Abstract

Introduction The goal of this chapter is to present what is currently known about expert performance in sport. Research on expert performance in sport is a relatively recent area of inquiry covering only the last 30 years. Our view of its evolution is that there have been three overlapping phases in its development. During the 1970s and 1980s much of sport research employed recipient paradigms popular within experimental and cognitive psychology. Typical research of this time involved testing skilled and less-skilled or novice groups of athletes on sport-specific tests of recall and recognition, temporal and spatial occlusion of visual information, and anticipation (Abernethy, Thomas, & Thomas, 1993; Starkes, Helsen, & Jack, 2000). Again, following general trends in psychology verbal-protocol analyses of expert athletes were also published (Chiesi, Spilich, & Voss, 1979; McPherson, 1993a).
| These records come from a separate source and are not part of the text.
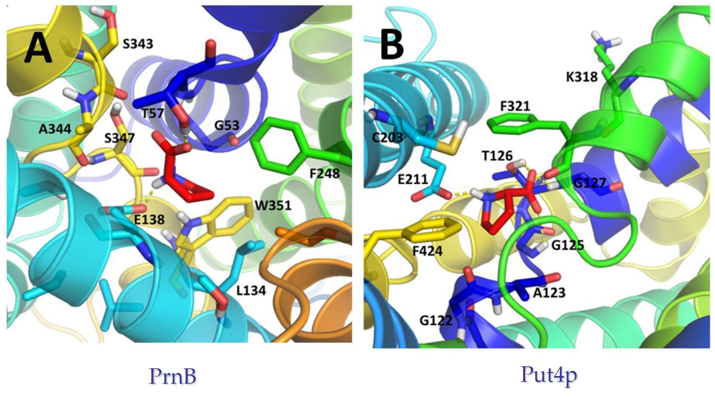 Proline trajectory in PrnB (A) and Put4p (B)
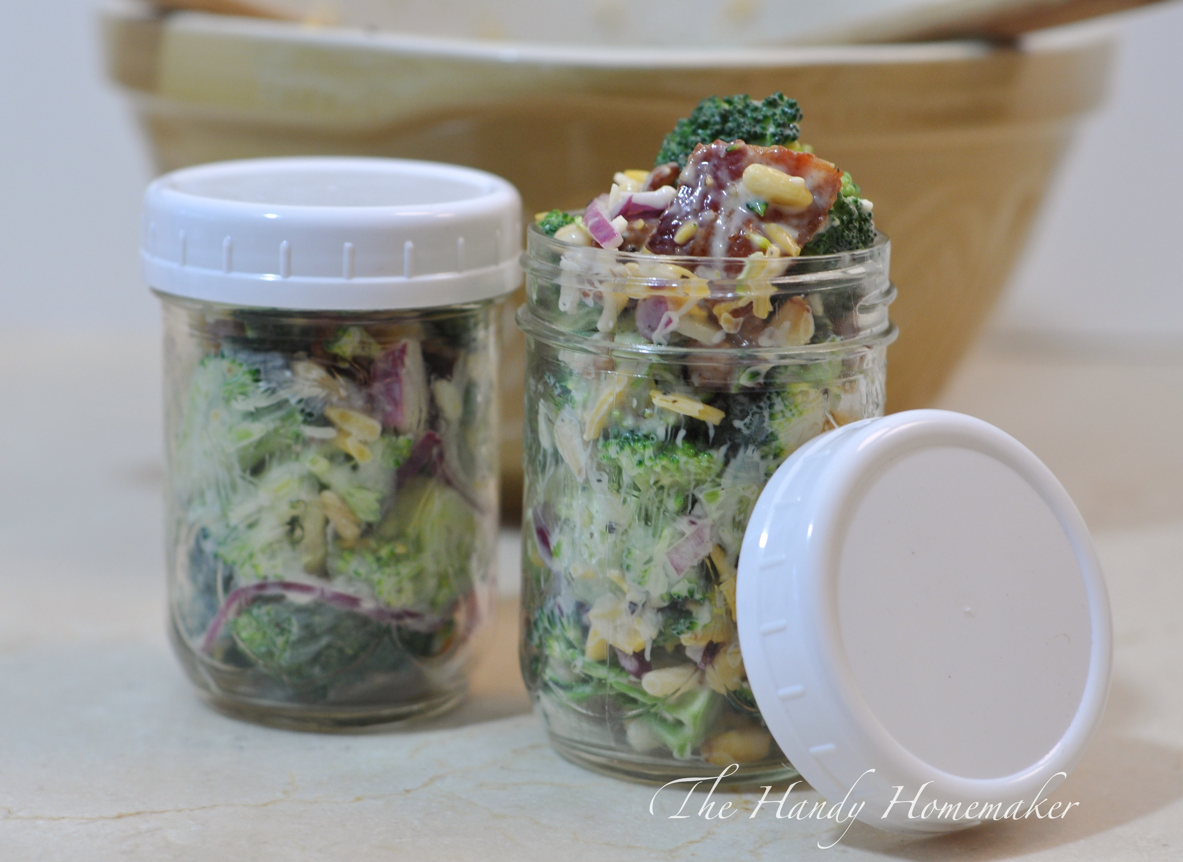 I love storing left over salad in these small mason jars with plastic lids. They are the perfect size to add to a lunch, as this salad is still great the next day.
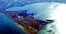 La piste d’atterrissage, à peu près orientée nord-sud, mesure 2,1 km de long, avec une extension prévue à 2,5 km[23].
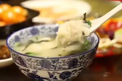 丸子軟Q彈牙,羊湯香醇濃郁,一把鮮韭菜如一縷清風(fēng)打開你朦朧的味蕾,羊湯不夠隨便續(xù),丸子酥肉可兩摻。把餅絲泡進(jìn)湯里,很容易就吸飽了湯汁,吃在嘴里有點(diǎn)糯糯的口感。
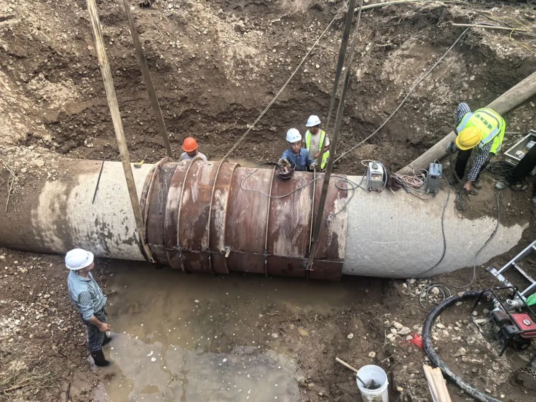 時(shí)間緊迫,搶修工作容不得半點(diǎn)耽擱。搶修人員立即清理、焊接鋼制抱箍,經(jīng)過(guò)24小時(shí)的緊密協(xié)作,管網(wǎng)終于按照預(yù)案流程完成修復(fù)。
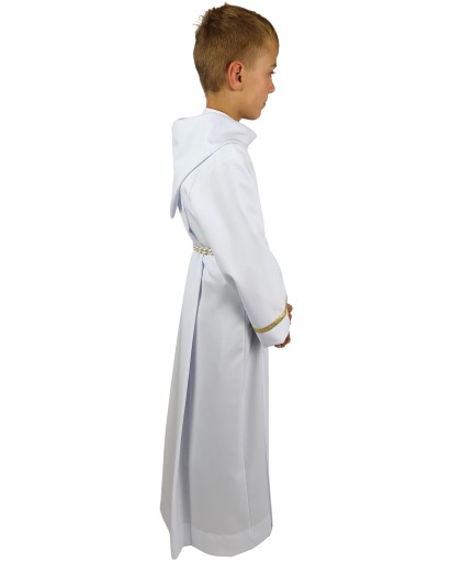 Nieskazitelnie biała alba z szalem imitującym kaptur to typowy strój dla chłopca do Pierwszej Komunii Świętej.
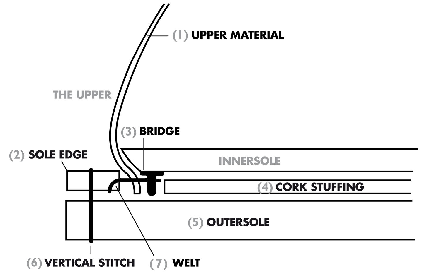 The upper material (1) is pulled on the last. A horizontal stitch (welt) (7) attaches the sole edge (2), the upper material (1) and the bridge (3) (which is attached to the innersole) to eachother. Kork (4) is placed under the innersole to fill up the gap created by the bridge (3). The outersole (5) is placed under the shoe by a vertical stitch (6) through the outersole (5) and the sole edge (2).
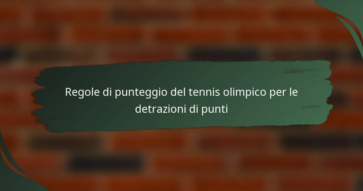 Nel tennis olimpico, le deduzioni di punti vengono applicate quando i giocatori violano regole specifiche, come la condotta antisportiva o le violazioni temporali. Queste penalità possono avere un impatto profondo sull’esito della partita, influenzando sia il punteggio che il momento dei giocatori. Comprendere le circostanze che portano a deduzioni di punti è essenziale per mantenere il fair play e la concentrazione durante la competizione.
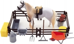 Ovaj privlačan set donosi djeci autentično iskustvo njege konja. Bijeli konj s dugom grivom i repom koje se mogu češljati potiče finu motoriku, maštu i odnos prema životinjama. Realistični sedlo i ular doprinose vjerodostojnosti i omogućuju djeci stvaranje vlastitih priča s farme.
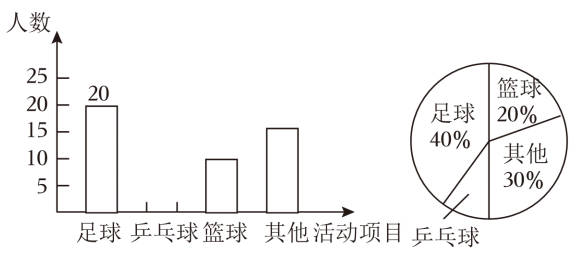 11.(本题2分)张亮同学统计了六(1)班同学大课间的活动项目,并绘制了下面两幅统计图。从图中分析可得,大课间参加乒乓球活动的同学有( )人。
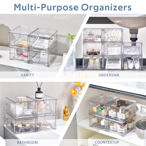 Return Policy Fast Delivery Trusted seller 6 Pack Stackable Storage Drawers, Acrylic Bathroom Makeup Organizer and Storage,Clear Plastic Pull Out Drawers for Vanity, Undersink, Kitchen Cabinet, Pantry Organization and Storage Product Description Stackable Design: The plastic storage drawers are stackable and can be used not only vertically but also side by side, saving the valuable space and improving storage efficiency. You can stack them according to the shape you needs to keep your space more organized Transparent Design: Our storage drawers for organization and storage make it easy to organize by allowing you to quickly find what you need. The clear acrylic design allows you to easily see the items inside the bin,enabling you to quickly find and retrieve the items you need without opening it,greatly facilitating daily use Pull-Out Handle Design: Our stackable organizer drawers are designed with built-in pull-out handles,it is convenient for you to store and take out items. Waterproof and dustproof features can keep the stored items dry and clean,making it flexible to pull out and push back Non-Slip Design: In order to ensure stability during use,each storage drawer is equipped with a silicone non-slip pad that can be attached directly to the bottom of the box. Even on smooth surfaces,it remains stable and does not move,providing you with convenient storage and organization Multi-Purpose Organizers: Our drawer organizer fit to various spaces,such as bathroom countertop,under sink,kitchen cabinet,laundry,medicine cabinet,pantry shelf,vanity,offices,garages,craft rooms. You can flexibly use our Storage Drawer for organization and storage according to your needs Shipping Returns Payment Shipping Shipping is FREE to all addresses other than APO/PO boxes in the lower 48 states. All our stock ships from US-based warehouses. Shipped via USPS or UPS (depending on location and package weight) Unless stated otherwise, all orders will ship within 24-72 hours of your payment being processed. Check our feedback to see the great reviews of FAST shipping we offer. Returns Seller does not accept returns Payment We currently accept payment via eBay managed payments only. Once payment is cleared, we will dispatch your shipment within 1-3 business days. Please refer to the "Shipping" tab for more information regarding shipping speed to your destination.
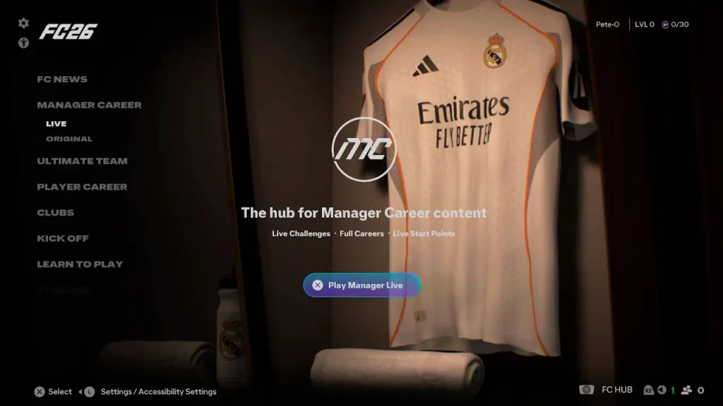 Manager Live é uma nova experiência dentro do Modo Carreira, centrada num Hub dinâmico que traz desafios atualizados semanal e mensalmente. Estas experiências evoluem ao longo da temporada, oferecendo objetivos variados, obstáculos realistas e contextos de jogo que transformam cada carreira numa história própria.
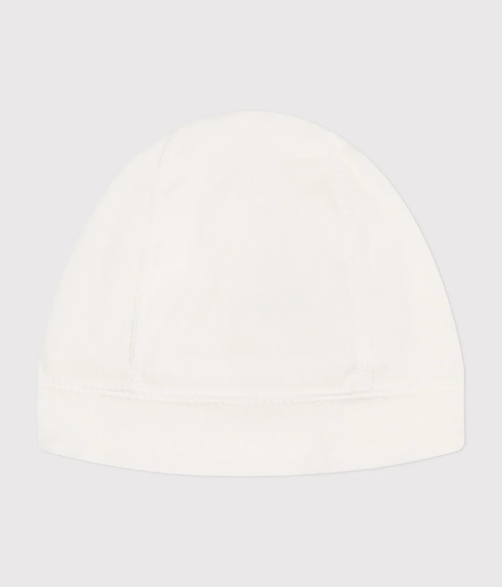 Cuffietta per i primi mesi in cotone bianco con logo Petit Bateau
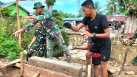 TNI Bersama Rakyat Angkut Material, Jembatan Garuda Segera Terwujud
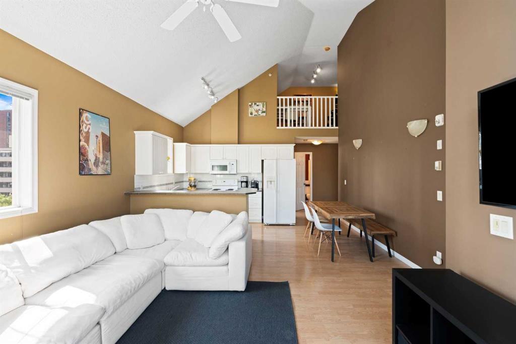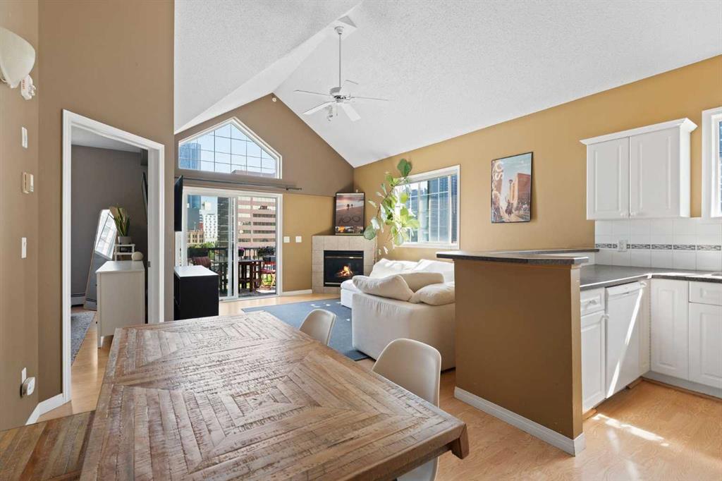 LUXURY TOP-FLOOR LOFT WITH ONE OF CALGARY’S BEST VIEWS! This PENTHOUSE-STYLE CORNER UNIT in Polo Terrace offers SOARING VAULTED CEILINGS, a PANORAMIC VIEW OF THE CALGARY TOWER, and a versatile layout perfect for professionals, couples, or small families. With 1,080 SQ FT of open-concept living, this rare 2-BEDROOM + 2 BATHROOM + LOFT gem is the ideal blend of lifestyle and location in the heart of the Beltline. The spacious living room features a cozy gas fireplace, dramatic vaulted ceilings, and direct access to your private balcony with jaw-dropping city views. The kitchen is modern and functional, with some updated appliances, generous counter space, and a layout that’s great for cooking or entertaining. Upstairs, the loft adds bonus flexibility, perfect for a home office, fitness zone, or creative studio. The king-sized primary suite includes a walk-through closet and private ensuite, while the second bedroom and full bath are ideal for guests or roommates. Enjoy the convenience of in-suite laundry with a storage room, and an additional under-stair storage area. You’ll also love the underground titled parking and optional storage rental ($30/month). Step outside to the best of urban living, just blocks from 1st Street, 17th Ave, the Saddledome, Lindsay Park, Calgary’s Memorial Library, the MNP Centre, dog parks, daycare and more. This is a walker\'s paradise in a vibrant and connected building. Condo fees include heat, water, sewer, garbage, insurance, professional management, and reserve fund contributions. Pet-friendly with board approval. Whether you\'re upsizing, downsizing, or investing, this iconic Beltline loft is the lifestyle move you’ve been waiting for.
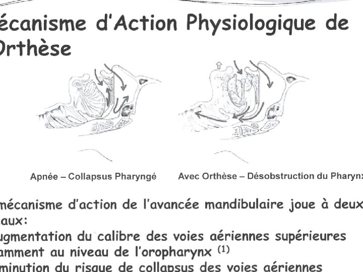 Mode d’action des OAM • - élargissement des voies aériennes supérieures - diminution de la collapsibilité des VAS
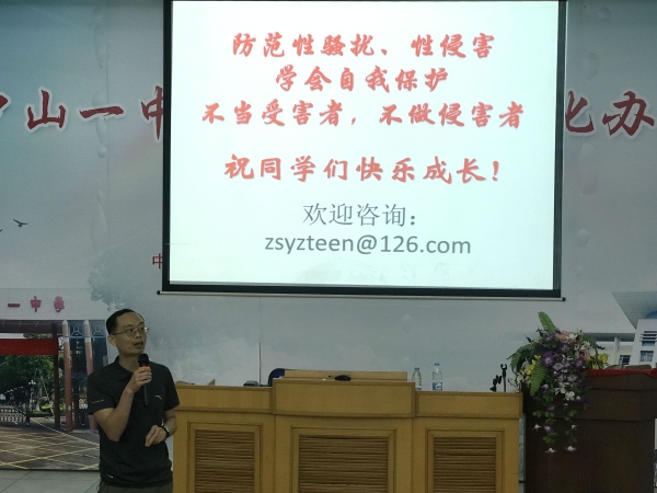 6月2日下午,中山一中西区中学在阶梯室举办了“拥抱青春,防范性侵——初二级青春期性教育”讲座,本次活动由莫秀红副校长主持,中山一中青春期性教育课题组赖浩老师主讲,初二年级全体男生、全体班主任、生物科组参加本次活动。
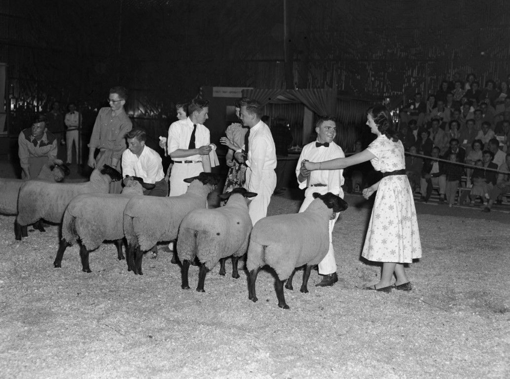 Two women are distributing ribbons to six young men and their sheep at an agricultural fair.
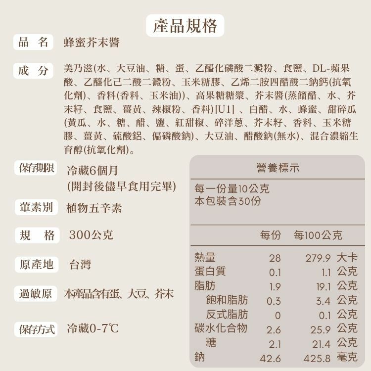 ●知名品牌法式芥末醬、甜碎瓜、蜂蜜…等調味而成
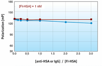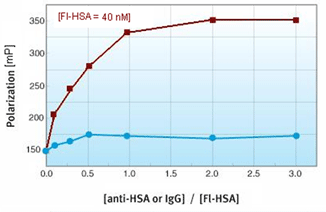 On one side, HSA (the antigen) is labeled with SeTau-425, a long-lifetime label with a lifetime of 26 ns (left), and on the other side (right) with fluorescein, a commonly used 4 ns label. In the case of SeTau-425, the labeled HSA has still a relatively low starting polarization of 165 mP and only upon binding to the specific antibody the rotational mobility changes and as a result the polarization increases. A different behavior is seen with the fluorescein-labeled antigen (right): the labeled antigen has a polarization of 130 mP. Typically one would expect a much higher value, but the lower polarization is due to the fact that several fluorescein molecules are labeled on one HSA molecule and undergo homo-FRET. Due to homo-FRET, the polarization value for the conjugate decreases. Nevertheless, the important observation here is, that there is no polarization increase observed upon titration with the specific (red) or non-specific (blue) antibody due to the fact that the lifetime of fluorescein (τ = 4 ns) is much shorter than the rotational correlation time (Θ = 40 ns) of the antigen.
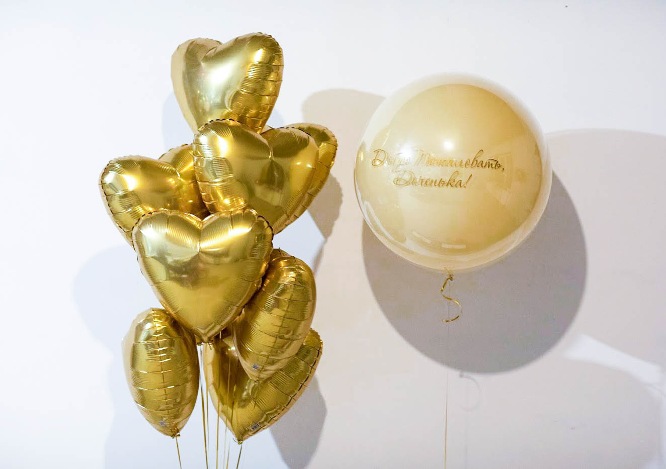 Эта изысканная композиция из воздушных шаров воплощение роскоши и нежности! Центральным элементом служит букет из блестящих золотых шаров в форме сердец. Их зеркальная поверхность переливается, словно солнечные лучи, создавая атмосферу праздника и тепла. Рядом парит элегантный полупрозрачный шар с трогательной гравировкой: «Добро пожаловать, доченька!». Золото и нежность объединились в этом декоре, чтобы подчеркнуть значимость и радость момента.
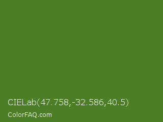 CIELab 47.758,-32.586,40.5 Color is a normal green color and the nearest color is Sap Green #507d2a. Hex code #4c7e27 and RGB value is rgb(76,126,39). In RGB color space, this color is composed of 30% red, 49% green, 15% blue, In CMYK color space, this color is composed of 40% cyan, 0% magenta, 69% yellow , 51% black , In HSL color space, this color has a hue angle of 94° , 53% saturation and 32% lightness.

At the end of the 1980s and early in the 1990s, developments in the recording and analyses of eye movements (Goulet, Bard, & Fleury, 1989; Vickers, 1992) and kinematic data (Carnahan, 1993) made it feasible to examine the eye movements of expert performers in contrast with less-skilled individuals to determine what athletes focused on and how their eye-movement patterns differed from less-skilled athletes (for reviews see Starkes et al., 2000; Williams, Davids, &Williams, 1999). The focus until the 1990s was largely perceptual-cognitive and aimed at establishing where differences existed between experts and novices within a particular sport domain.